» Brief:
Print only the lines below, from the very first to the one containing "今日の1枚18回目の結婚記念", exactly as they stand. Do not print pictures.

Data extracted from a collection
--- --- ---
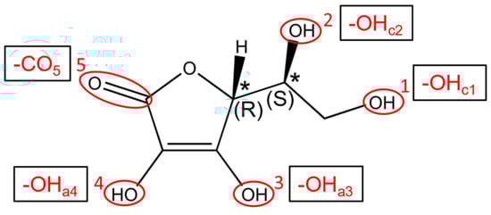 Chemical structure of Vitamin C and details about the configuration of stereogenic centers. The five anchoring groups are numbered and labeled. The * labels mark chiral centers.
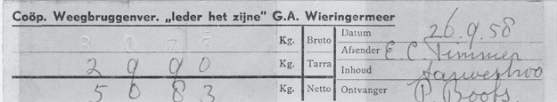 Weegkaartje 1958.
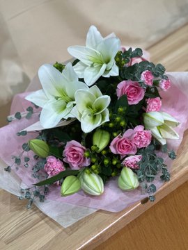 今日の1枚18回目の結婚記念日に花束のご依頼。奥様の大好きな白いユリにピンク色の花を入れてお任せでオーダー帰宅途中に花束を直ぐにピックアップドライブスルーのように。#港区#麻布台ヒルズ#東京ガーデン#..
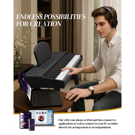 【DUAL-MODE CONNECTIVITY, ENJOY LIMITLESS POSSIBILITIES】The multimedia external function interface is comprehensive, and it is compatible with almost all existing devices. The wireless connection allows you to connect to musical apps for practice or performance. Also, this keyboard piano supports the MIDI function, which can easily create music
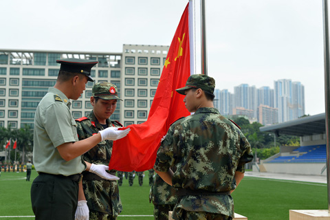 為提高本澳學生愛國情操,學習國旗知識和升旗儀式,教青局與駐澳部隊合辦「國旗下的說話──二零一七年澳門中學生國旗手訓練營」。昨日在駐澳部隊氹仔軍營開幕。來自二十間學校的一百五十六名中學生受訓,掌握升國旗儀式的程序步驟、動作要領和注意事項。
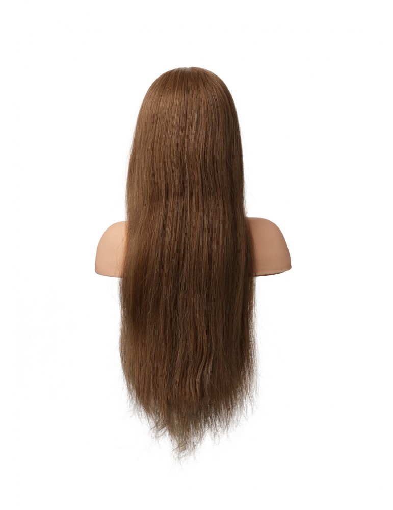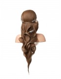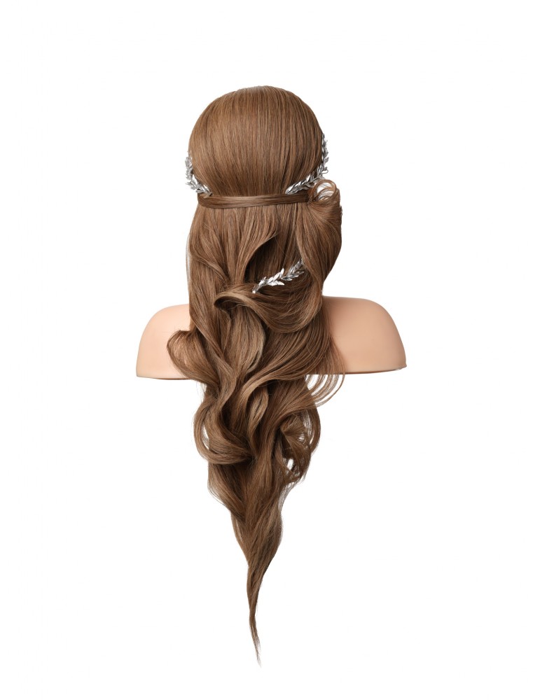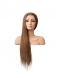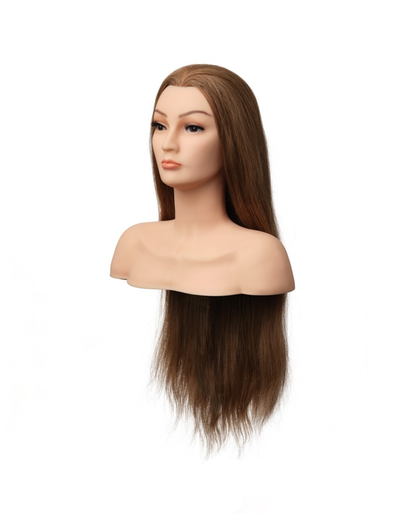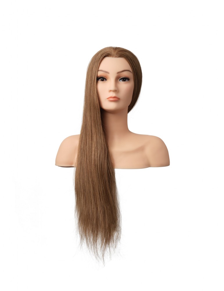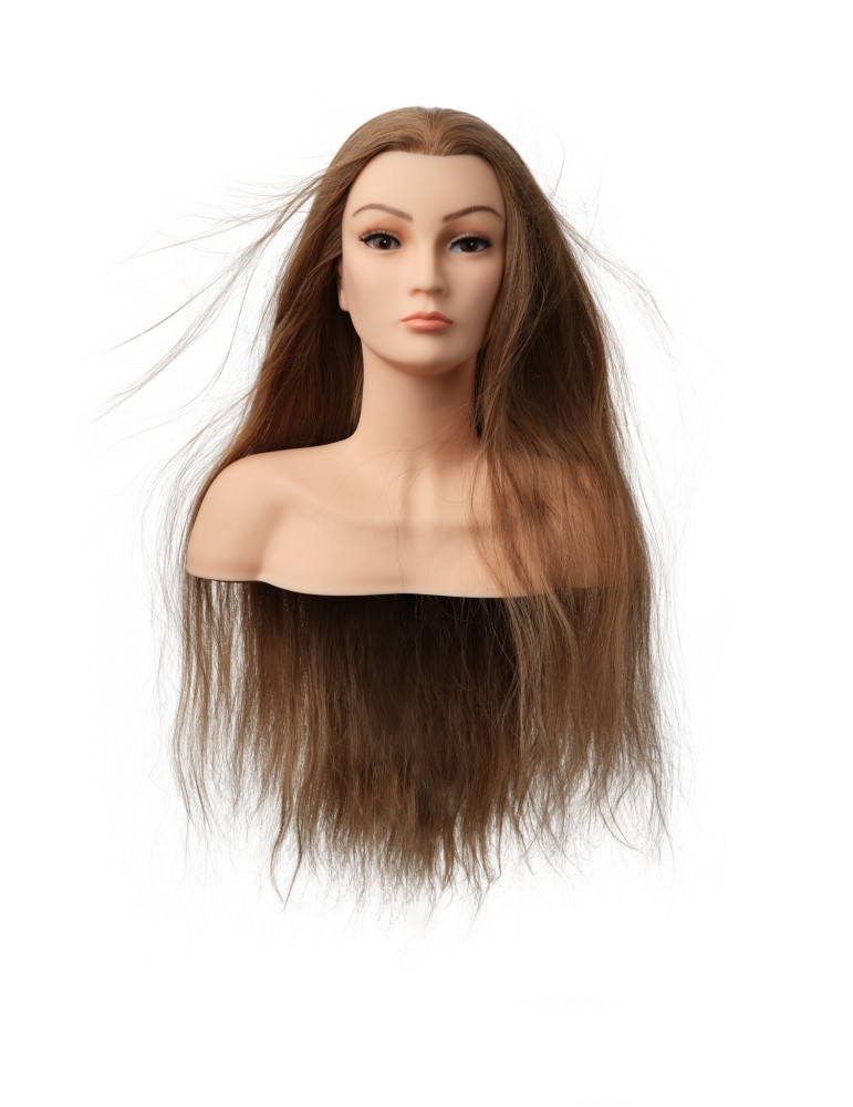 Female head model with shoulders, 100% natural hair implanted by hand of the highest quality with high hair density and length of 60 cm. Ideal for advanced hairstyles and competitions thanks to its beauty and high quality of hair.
--- --- ---
» Worked solution:
 Chemical structure of Vitamin C and details about the configuration of stereogenic centers. The five anchoring groups are numbered and labeled. The * labels mark chiral centers.
 Weegkaartje 1958.
 今日の1枚18回目の結婚記念日に花束のご依頼。奥様の大好きな白いユリにピンク色の花を入れてお任せでオーダー帰宅途中に花束を直ぐにピックアップドライブスルーのように。#港区#麻布台ヒルズ#東京ガーデン#..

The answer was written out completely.